#### WHAT YOU WILL DO
Below are the records; print them again exactly and omit the pictures.
─── SUPPLIED INFORMATION
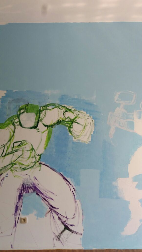 Lalu, superheronya saya pilih The Avengers , karena keempat tokoh tersebut memiliki karakter yang menarik untuk dilukis di atas dinding.
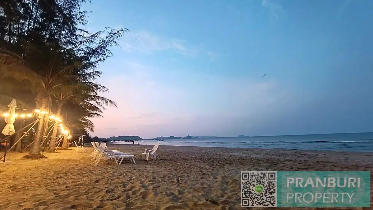 The setting is truly unique, with a dramatic limestone mountain rising just behind the land, creating a striking natural backdrop and enhancing both privacy and visual appeal. This stretch of coastline is known for its calm atmosphere, wide sandy beaches, and proximity to local restaurants, cafés, and boutique resorts, while still being within comfortable reach of Hua Hin and around 20KM to Paknampran town.
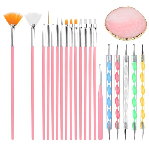 - Comprehensive Nail Tool Set: This nail art tools setset includes 15 varied nail art brushes, 5 double-ended dispensing tools, and a chic gold-edged resin palette, providing everything professional manicurists and DIY enthusiasts need for stunning nail designs.
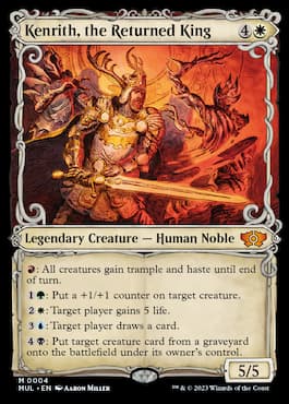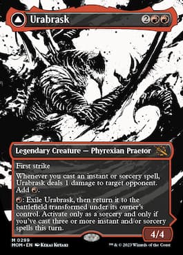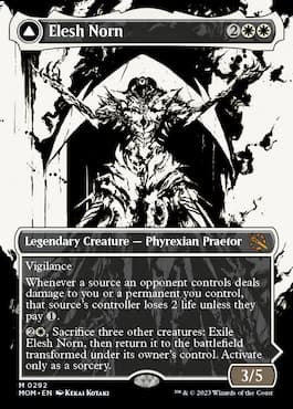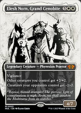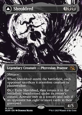 Sheoldred is from a cycle of MOM cards that feature a Praetor on the frontside and a Saga on the backside. Most often played in Commander, the Phyrexian also sees play in the Pioneer format.
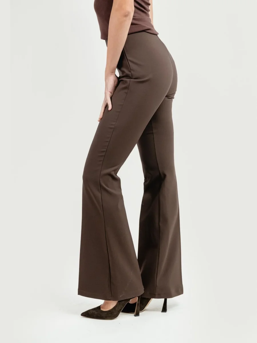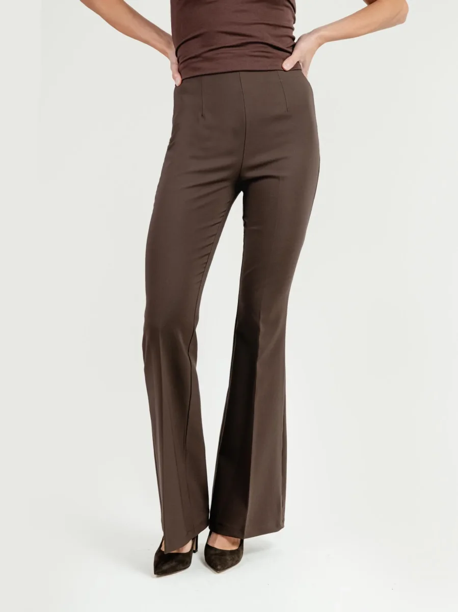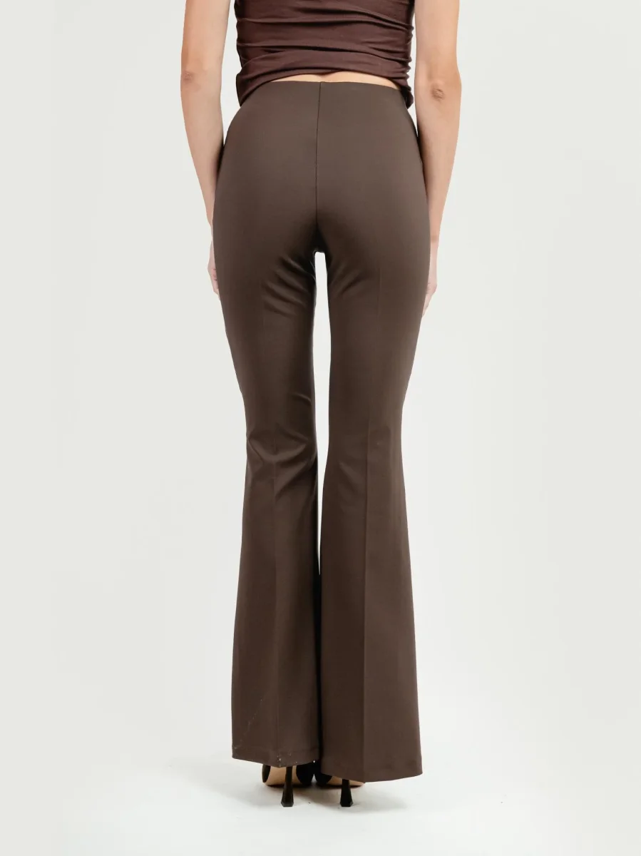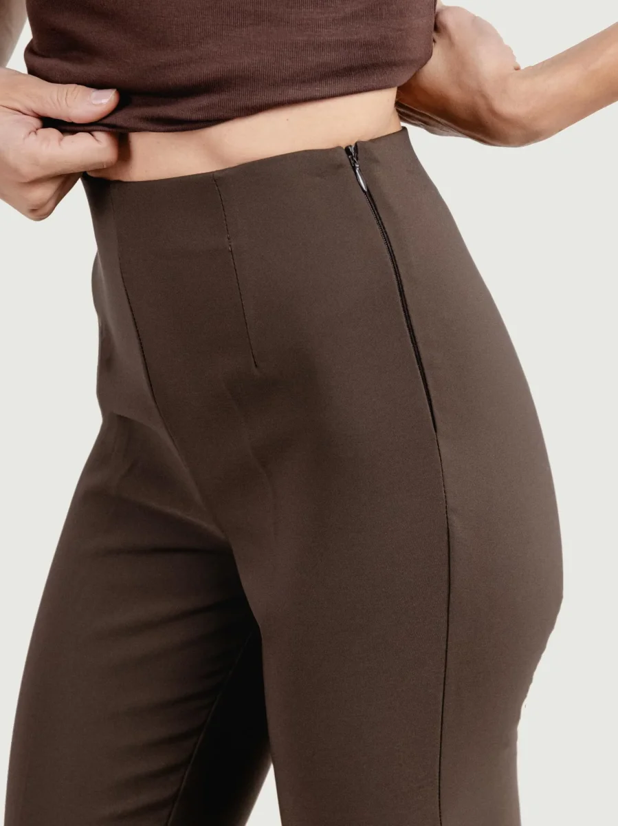 Pantalone a zampa in tessuto elastico con zip laterale a scomparsa.
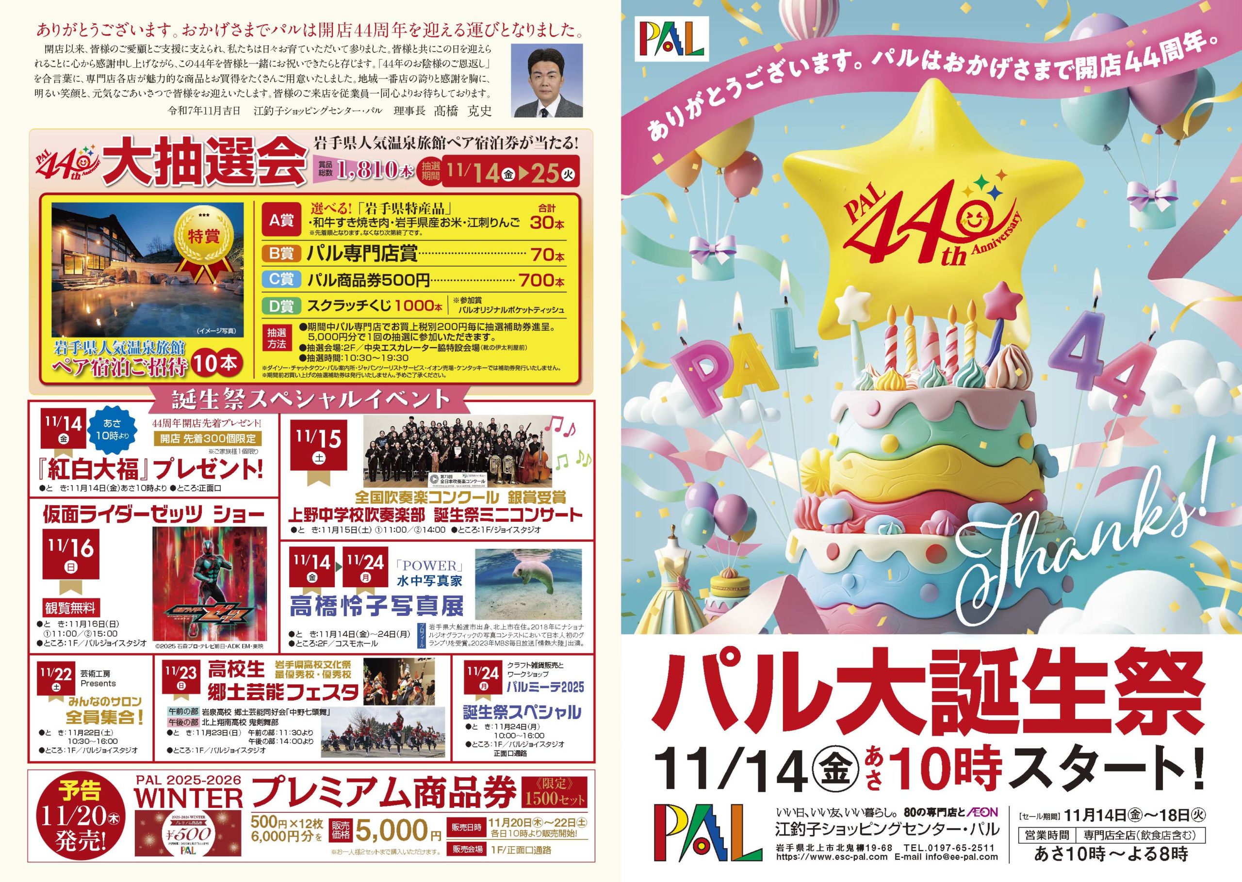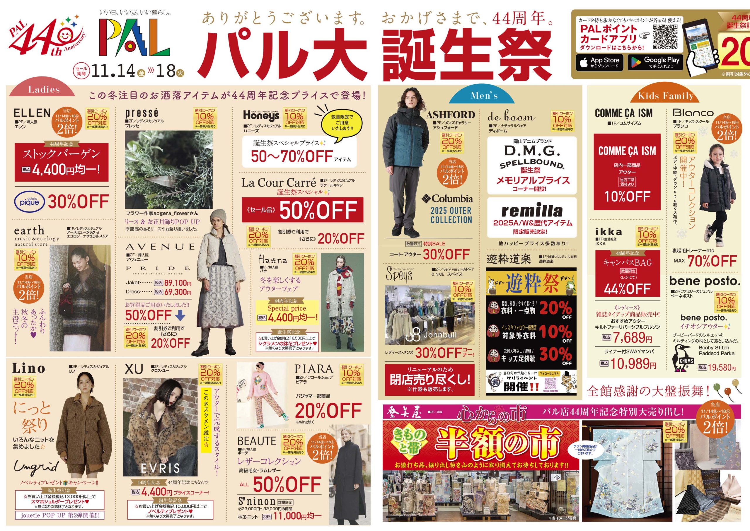 パルはおかげさまで44周年!パル大誕生祭11月14日(金)あさ10時スタートです!
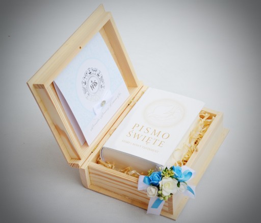 Dekoracja w kolorystyce delikatnego błękitu z białymi i zielonymi dodatkami. W zestawie błękitna Pamiątka Pierwszej Komunii Świętej, która dopełnia piękny wygląd szkatułki, która może posłużyć, jako schowek na biblię, książeczkę świętą, różaniec.
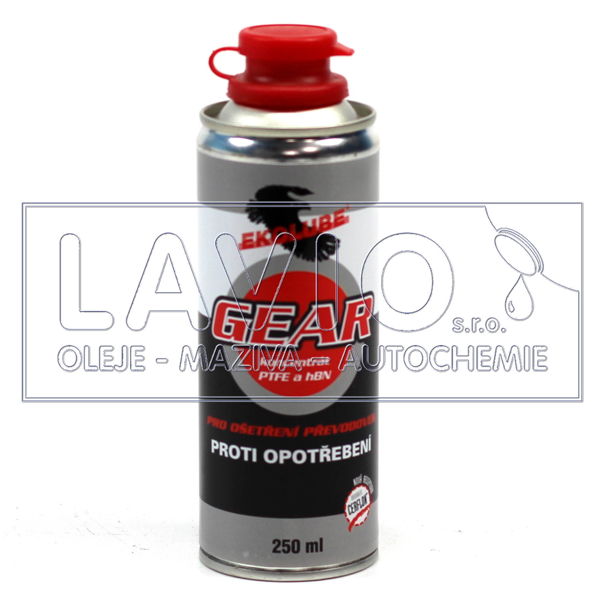 Ekolube GEAR je stabilizovaná suspenze polatetrafluoretylenu a nitridu bóru, mísitelná se všemi převodovými oleji, pro klasické převodovky. Synergický efekt těchto látek vykazuje podstatně lepší účinnost při ošetření třecích ploch než samotný Teflon. Dlouhodobě snižuje tření, opotřebení, hlučnost agregátu a únik oleje. Po aplikaci se sníží opotřebení kluzných ploch až o 70%. Doporučená koncentrace pro převodovky a diferenciály 10% Ekolube gear+ 90% převodový olej.
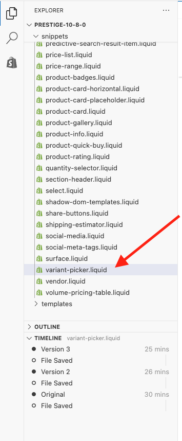 3. On the code editor, select this file on the file explorer on the left: snippets/variant-picker.liquid
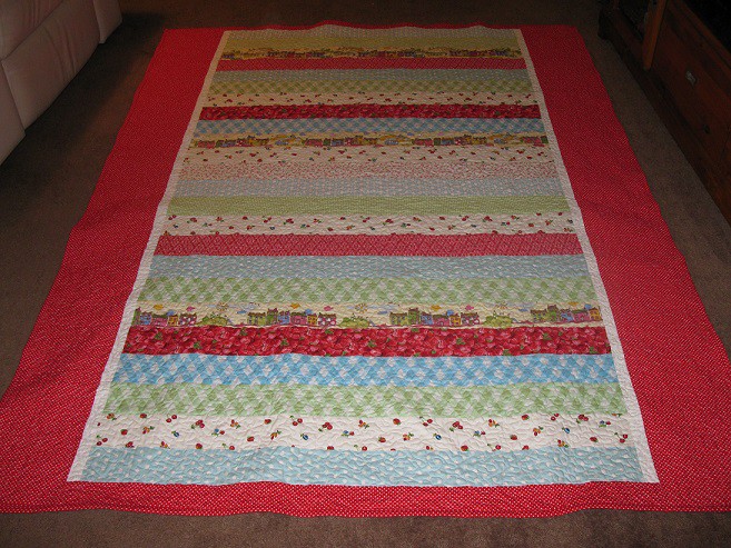 No Pam. It was mostly 30cm of fabric that the young mum chose under my 'guidance'. I had no idea what sort of pattern she wanted or whether I had estimated enough fabric but it worked out well. There was very little left. I would have given the quilt rounded corners too but I really didn't have enough fabric left to cut bias strips to do that.
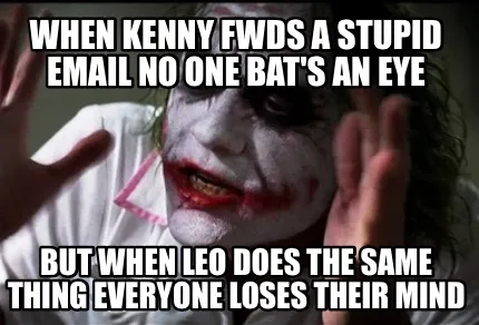 Create Funny When Kenny Fwds a stupid email no one bat's an eye But when Leo does the same th Meme
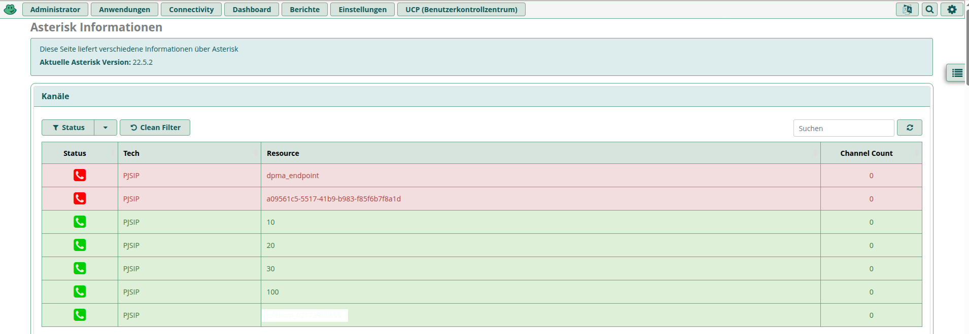 i can’t assign two red telephone receiver icons in the FreePBX web UI under “Reports>Asterisk Information>Channels.” Why are these two icons red?
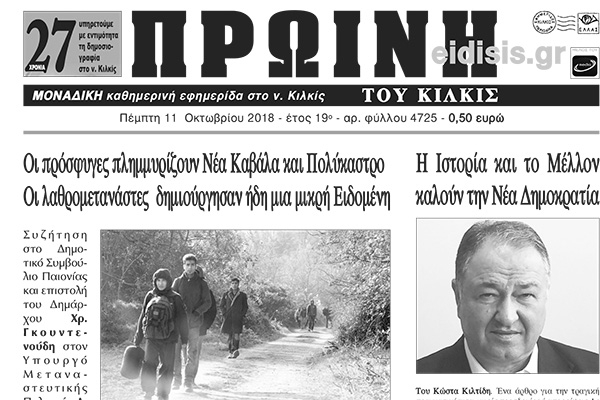 Διαβάστε το νέο πρωτοσέλιδο της Πρωινής του Κιλκίς, μοναδικής καθημερινής εφημερίδας του ν. Κιλκίς
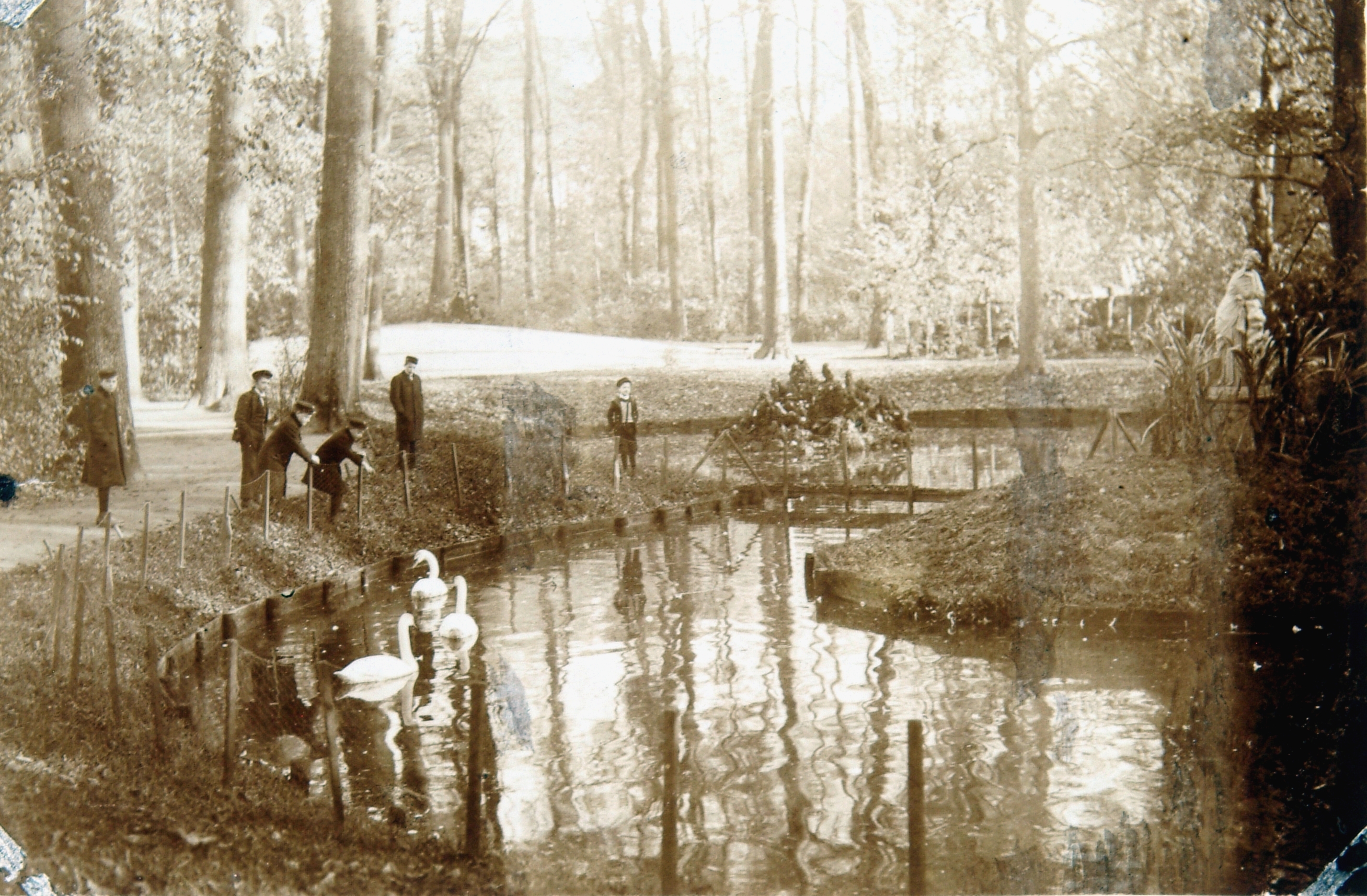 - De eendenvijver en de "hobbel" in Park Merwestein, gezien in de richting van de Hallincglaan. Rechts het standbeeld van een vrouwenfiguur.
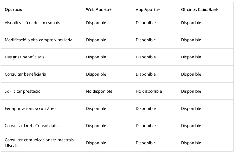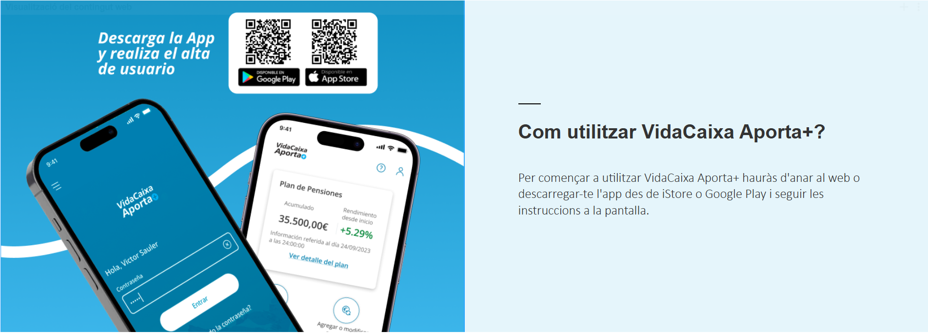 VidaCaixa Aporta+ és una plataforma digital gratuita disponible per a partícips en format web i app. Dins de VidaCaixa Aporta+, podràs consultar i gestionar els teus plans de pensions i documentació rellevant. També podràs gestionar operatives tals com aportacions voluntàries (addicionals a les aportacions del promotor), gestionar els teus beneficiaris, consultar rendibilitats del pla i més.
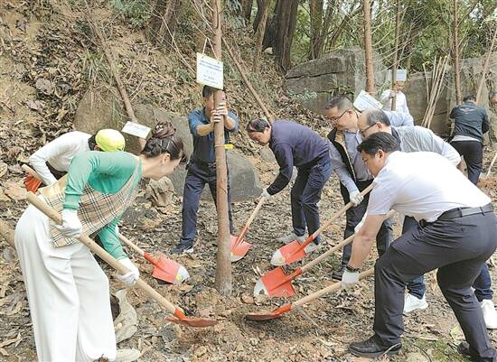 羊城晚报讯 记者郑明达、通讯员朱燕珊摄影报道:阳春三月,草长莺飞,正是植树造林的好时节。3月12日,福田区香蜜湖街道香岭社区党委在深圳园博园鸣翠湖畔举办“‘党建红’引领‘生态绿’,同心共建绿美香岭”植树节共建活动暨政协委员进社区活动。福田区政协副主席田晖南、王晓蓉,香蜜湖街道党工委副书记、办事处主任温现青一行及深圳市建安集团、巴士集团第四分公司等共建单位积极参与,以实际行动践行绿色发展理念,共建共治共享“绿美福田”。 植树现场,大家热情高涨、干劲十足。在专业技术人员的指导下,王晓蓉与温现青带头挥锹铲土,区政协常委们和建安集团、巴士集团第四分公司基层党支部齐心协力、扶苗填坑、浇水灌溉,一棵棵落羽杉树苗在鸣翠湖畔“安家落户”,为园博园增添了一道亮丽的风景线。 据悉,此次种植的55棵落羽杉树苗由香岭社区挂点区政协委员叶国税捐赠,不仅为香岭社区带来了实实在在的生态效益,也展现了政协委员心系社区、服务群众的担当与情怀。 此次植树节共建活动,增强了党员群众的生态环保意识,更凝聚了共建绿美香岭的强大合力。下一步,香岭社区党委将坚持党建引领,以“一强四好一满意”为目标,深化“绿美香岭”建设,不断提升社区生态环境品质,努力打造宜居宜业宜游的美丽香岭,为深圳建设生态文明典范城市贡献力量。
──────
#### WRITTEN RESPONSE
 Lalu, superheronya saya pilih The Avengers , karena keempat tokoh tersebut memiliki karakter yang menarik untuk dilukis di atas dinding.
 The setting is truly unique, with a dramatic limestone mountain rising just behind the land, creating a striking natural backdrop and enhancing both privacy and visual appeal. This stretch of coastline is known for its calm atmosphere, wide sandy beaches, and proximity to local restaurants, cafés, and boutique resorts, while still being within comfortable reach of Hua Hin and around 20KM to Paknampran town.
 - Comprehensive Nail Tool Set: This nail art tools setset includes 15 varied nail art brushes, 5 double-ended dispensing tools, and a chic gold-edged resin palette, providing everything professional manicurists and DIY enthusiasts need for stunning nail designs.
 Sheoldred is from a cycle of MOM cards that feature a Praetor on the frontside and a Saga on the backside. Most often played in Commander, the Phyrexian also sees play in the Pioneer format.
 Pantalone a zampa in tessuto elastico con zip laterale a scomparsa.
 パルはおかげさまで44周年!パル大誕生祭11月14日(金)あさ10時スタートです!
 Dekoracja w kolorystyce delikatnego błękitu z białymi i zielonymi dodatkami. W zestawie błękitna Pamiątka Pierwszej Komunii Świętej, która dopełnia piękny wygląd szkatułki, która może posłużyć, jako schowek na biblię, książeczkę świętą, różaniec.
 Ekolube GEAR je stabilizovaná suspenze polatetrafluoretylenu a nitridu bóru, mísitelná se všemi převodovými oleji, pro klasické převodovky. Synergický efekt těchto látek vykazuje podstatně lepší účinnost při ošetření třecích ploch než samotný Teflon. Dlouhodobě snižuje tření, opotřebení, hlučnost agregátu a únik oleje. Po aplikaci se sníží opotřebení kluzných ploch až o 70%. Doporučená koncentrace pro převodovky a diferenciály 10% Ekolube gear+ 90% převodový olej.
 3. On the code editor, select this file on the file explorer on the left: snippets/variant-picker.liquid
 No Pam. It was mostly 30cm of fabric that the young mum chose under my 'guidance'. I had no idea what sort of pattern she wanted or whether I had estimated enough fabric but it worked out well. There was very little left. I would have given the quilt rounded corners too but I really didn't have enough fabric left to cut bias strips to do that.
 Create Funny When Kenny Fwds a stupid email no one bat's an eye But when Leo does the same th Meme
 i can’t assign two red telephone receiver icons in the FreePBX web UI under “Reports>Asterisk Information>Channels.” Why are these two icons red?
 Διαβάστε το νέο πρωτοσέλιδο της Πρωινής του Κιλκίς, μοναδικής καθημερινής εφημερίδας του ν. Κιλκίς
 - De eendenvijver en de "hobbel" in Park Merwestein, gezien in de richting van de Hallincglaan. Rechts het standbeeld van een vrouwenfiguur.
 VidaCaixa Aporta+ és una plataforma digital gratuita disponible per a partícips en format web i app. Dins de VidaCaixa Aporta+, podràs consultar i gestionar els teus plans de pensions i documentació rellevant. També podràs gestionar operatives tals com aportacions voluntàries (addicionals a les aportacions del promotor), gestionar els teus beneficiaris, consultar rendibilitats del pla i més.
 羊城晚报讯 记者郑明达、通讯员朱燕珊摄影报道:阳春三月,草长莺飞,正是植树造林的好时节。3月12日,福田区香蜜湖街道香岭社区党委在深圳园博园鸣翠湖畔举办“‘党建红’引领‘生态绿’,同心共建绿美香岭”植树节共建活动暨政协委员进社区活动。福田区政协副主席田晖南、王晓蓉,香蜜湖街道党工委副书记、办事处主任温现青一行及深圳市建安集团、巴士集团第四分公司等共建单位积极参与,以实际行动践行绿色发展理念,共建共治共享“绿美福田”。 植树现场,大家热情高涨、干劲十足。在专业技术人员的指导下,王晓蓉与温现青带头挥锹铲土,区政协常委们和建安集团、巴士集团第四分公司基层党支部齐心协力、扶苗填坑、浇水灌溉,一棵棵落羽杉树苗在鸣翠湖畔“安家落户”,为园博园增添了一道亮丽的风景线。 据悉,此次种植的55棵落羽杉树苗由香岭社区挂点区政协委员叶国税捐赠,不仅为香岭社区带来了实实在在的生态效益,也展现了政协委员心系社区、服务群众的担当与情怀。 此次植树节共建活动,增强了党员群众的生态环保意识,更凝聚了共建绿美香岭的强大合力。下一步,香岭社区党委将坚持党建引领,以“一强四好一满意”为目标,深化“绿美香岭”建设,不断提升社区生态环境品质,努力打造宜居宜业宜游的美丽香岭,为深圳建设生态文明典范城市贡献力量。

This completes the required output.